[Opening PROVIDED ENTRIES section]
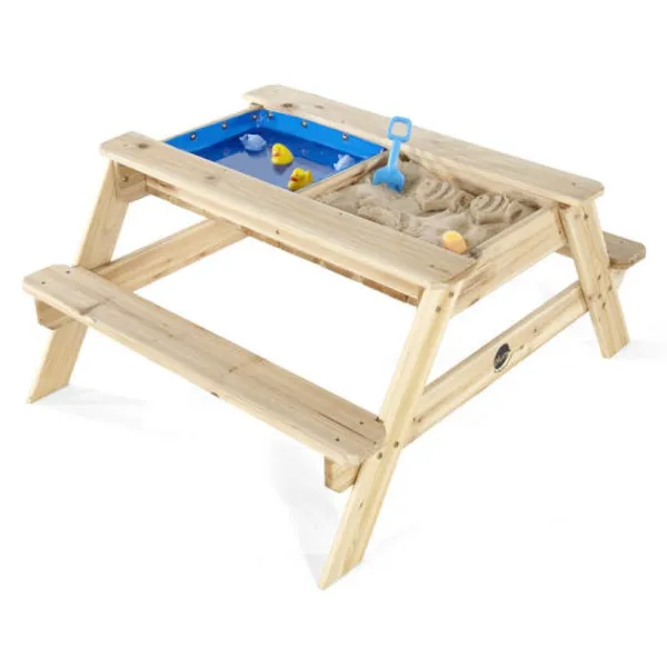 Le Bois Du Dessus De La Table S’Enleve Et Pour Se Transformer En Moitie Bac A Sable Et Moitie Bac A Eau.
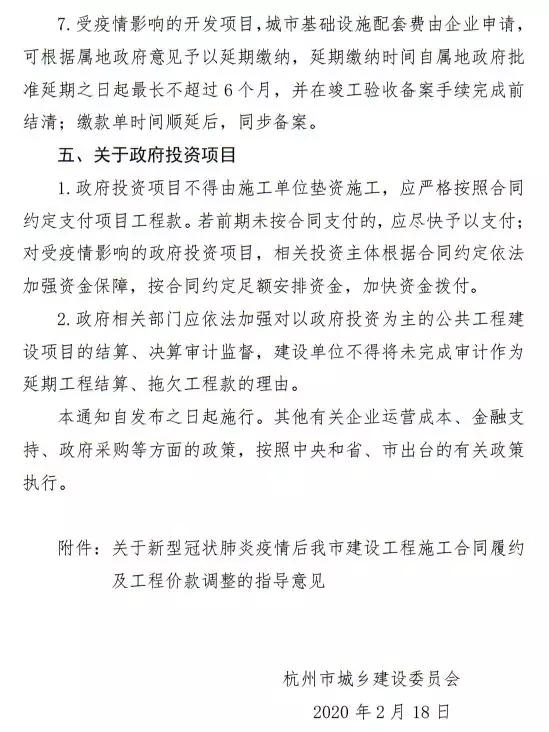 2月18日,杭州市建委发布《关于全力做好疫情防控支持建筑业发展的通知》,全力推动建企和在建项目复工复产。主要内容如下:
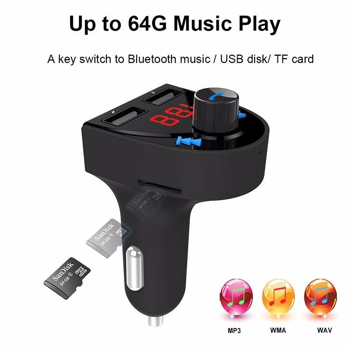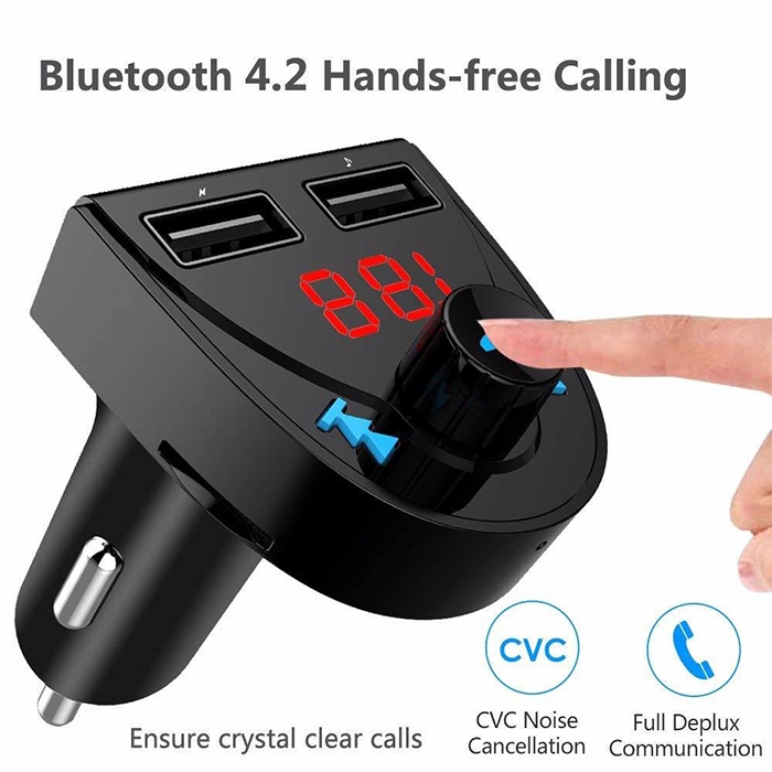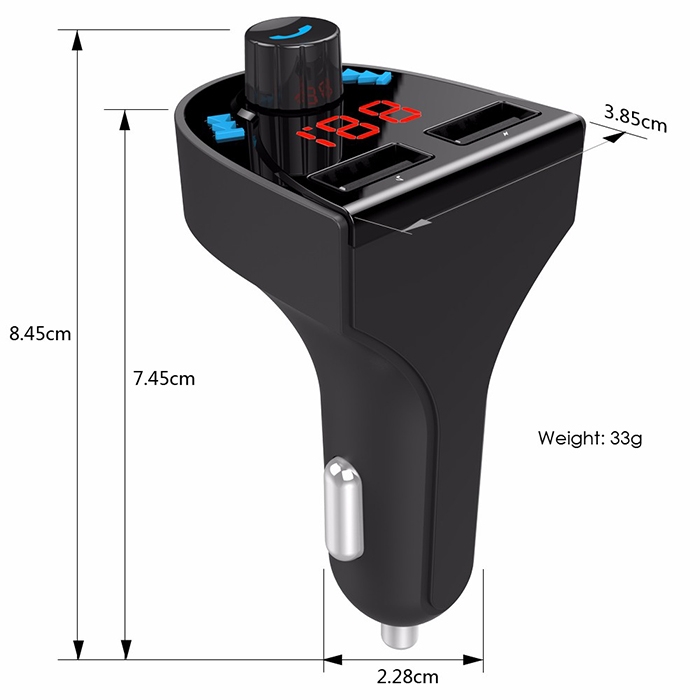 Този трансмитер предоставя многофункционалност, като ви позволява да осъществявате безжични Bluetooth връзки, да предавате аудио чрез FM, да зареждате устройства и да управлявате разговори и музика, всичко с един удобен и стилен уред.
[Closing PROVIDED ENTRIES section]
[Opening PROVIDED ENTRIES section]
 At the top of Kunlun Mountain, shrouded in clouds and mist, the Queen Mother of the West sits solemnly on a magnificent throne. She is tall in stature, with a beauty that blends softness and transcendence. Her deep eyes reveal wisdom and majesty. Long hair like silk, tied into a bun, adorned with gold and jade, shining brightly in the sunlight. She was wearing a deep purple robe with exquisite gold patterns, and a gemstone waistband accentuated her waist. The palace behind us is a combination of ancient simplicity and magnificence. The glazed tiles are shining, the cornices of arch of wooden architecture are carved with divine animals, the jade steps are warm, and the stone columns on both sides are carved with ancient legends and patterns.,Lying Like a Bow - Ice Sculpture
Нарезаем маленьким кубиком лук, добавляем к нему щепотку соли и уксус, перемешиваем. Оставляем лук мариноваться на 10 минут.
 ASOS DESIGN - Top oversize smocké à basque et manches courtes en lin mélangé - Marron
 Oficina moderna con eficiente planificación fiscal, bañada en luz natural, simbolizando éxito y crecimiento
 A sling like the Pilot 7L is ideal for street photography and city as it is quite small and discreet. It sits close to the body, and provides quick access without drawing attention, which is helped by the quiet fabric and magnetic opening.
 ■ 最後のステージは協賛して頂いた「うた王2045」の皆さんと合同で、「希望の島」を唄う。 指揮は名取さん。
[Closing PROVIDED ENTRIES section]
## DIRECTIONS FOR THIS TASK:
The answer is the lines above from the one with "Le Bois Du Dessus" to the one with "Този трансмитер предоставя", set down exactly, with no pictures.

## REPLY TO THE EXERCISE:
 Le Bois Du Dessus De La Table S’Enleve Et Pour Se Transformer En Moitie Bac A Sable Et Moitie Bac A Eau.
 2月18日,杭州市建委发布《关于全力做好疫情防控支持建筑业发展的通知》,全力推动建企和在建项目复工复产。主要内容如下:
 Този трансмитер предоставя многофункционалност, като ви позволява да осъществявате безжични Bluetooth връзки, да предавате аудио чрез FM, да зареждате устройства и да управлявате разговори и музика, всичко с един удобен и стилен уред.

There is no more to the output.